• Your task:
Output nothing but the lines from the one holding "CARAN D'ACHE Svizzera" to the end of the listing. Reproduce them exactly, without the pictures.
::::::::
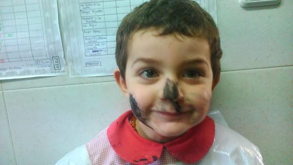 Y sino mirad esta foto de mi peque cuando empezó con la acuarela negra...
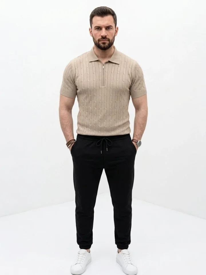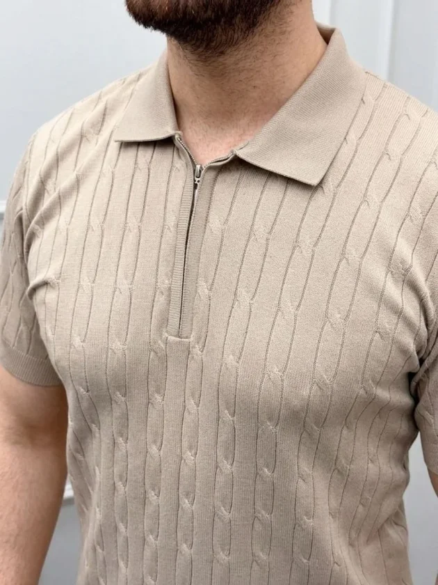 Erkek Yazlık Triko Saç Örgü Tişört Kısa Kol Polo Yaka Fermuarlı T-Shirt – Bej
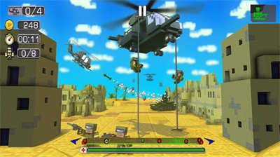 游戲在戰(zhàn)俘營營救人質(zhì),在沙漠、人類、礦井、沼澤和海灣的軍事攻擊中戰(zhàn)斗,玩家可以邀請(qǐng)他們的游戲朋友組隊(duì)玩游戲,內(nèi)置的語音系統(tǒng)可以交流,玩家?guī)ьI(lǐng)你的像素團(tuán)隊(duì),收集大量的武器物品。
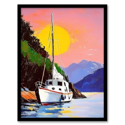 Artery8 Harbour Sunset Docked Sailboat Coastal Landscape Bathroom Toilet Artwork Framed Wall Art Print A4
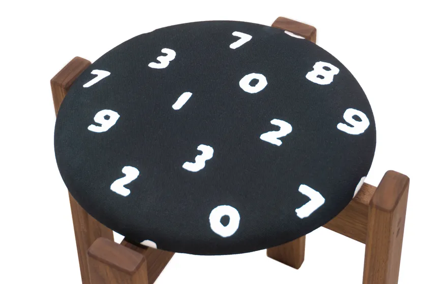 SOU・SOUの代表的なテキスタイルである、【 SO-SU-U 】の濡羽色(ぬればいろ)帆布をマスターウォールの人気スツール、【マークスツール】の座面へ張った限定モデルです。紡績から加工まで全てを国内で生産した日本製8号帆布[富士金梅(R)]を使用し、生地の染色は京都で行っています。ポップなテキスタイルと深い色味のウォールナットが、空間のアクセントになる特別なアイテムです。
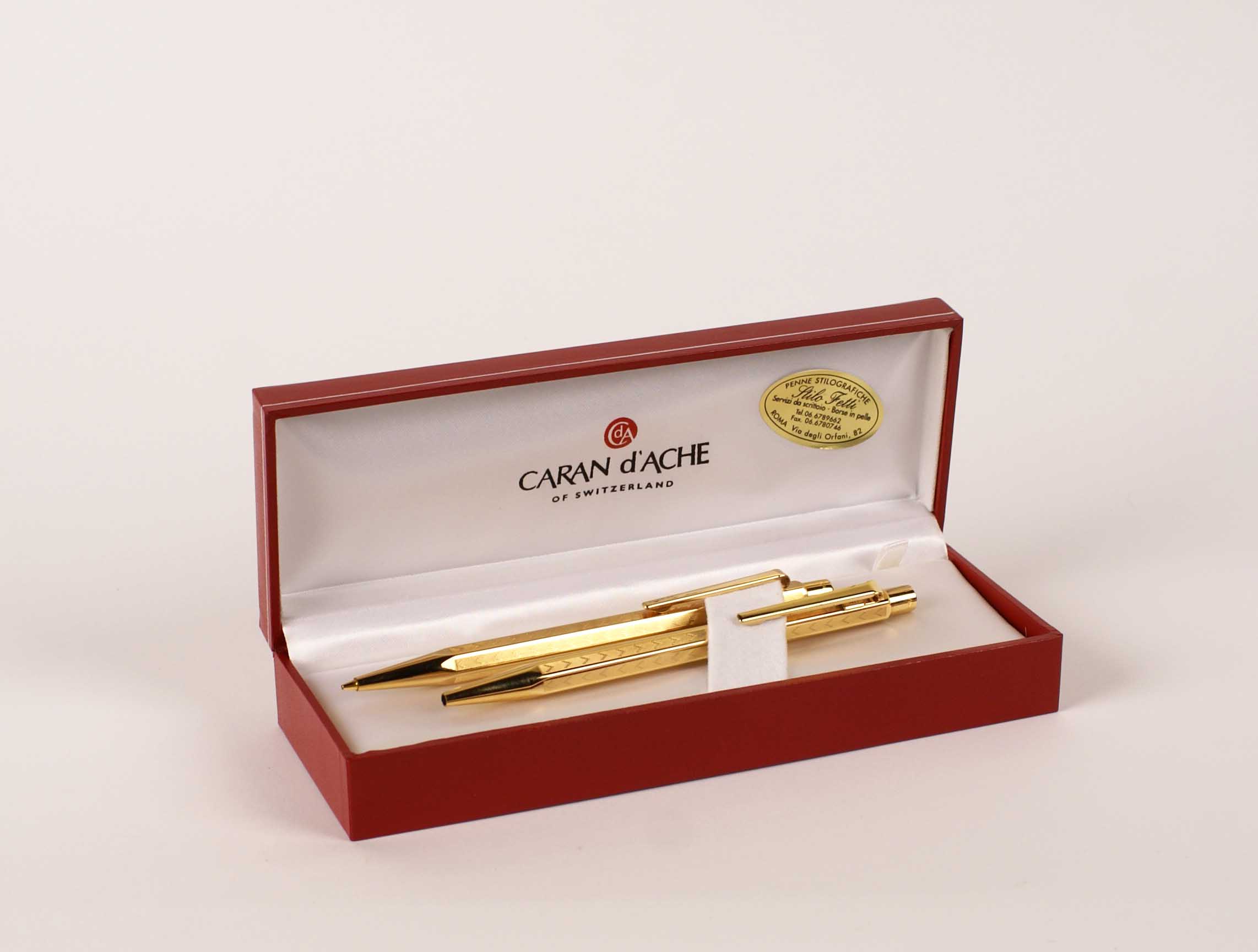CARAN D'ACHE Svizzera Lotto composto da una penna a sfera e da un portamine laminati in oro nuove con scatole
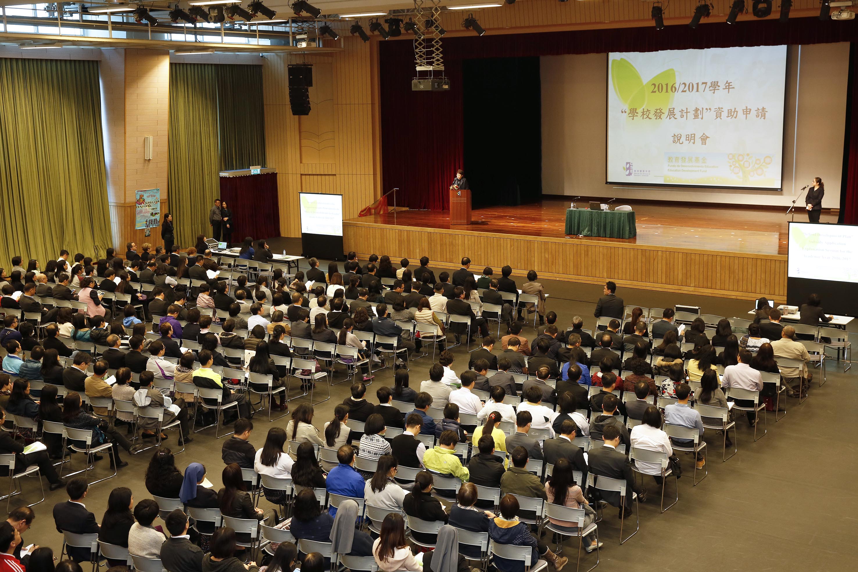 教育發展基金於2016年1月7日下午假教業中學禮堂舉辦了“2016/2017學年學校發展計劃”說明會。教育發展基金主席及委員、教育暨青年局領導及主管,以及77所學校領導及相關人員共400多人出席了會議。
::::::::
• Finished task:
CARAN D'ACHE Svizzera Lotto composto da una penna a sfera e da un portamine laminati in oro nuove con scatole
 教育發展基金於2016年1月7日下午假教業中學禮堂舉辦了“2016/2017學年學校發展計劃”說明會。教育發展基金主席及委員、教育暨青年局領導及主管,以及77所學校領導及相關人員共400多人出席了會議。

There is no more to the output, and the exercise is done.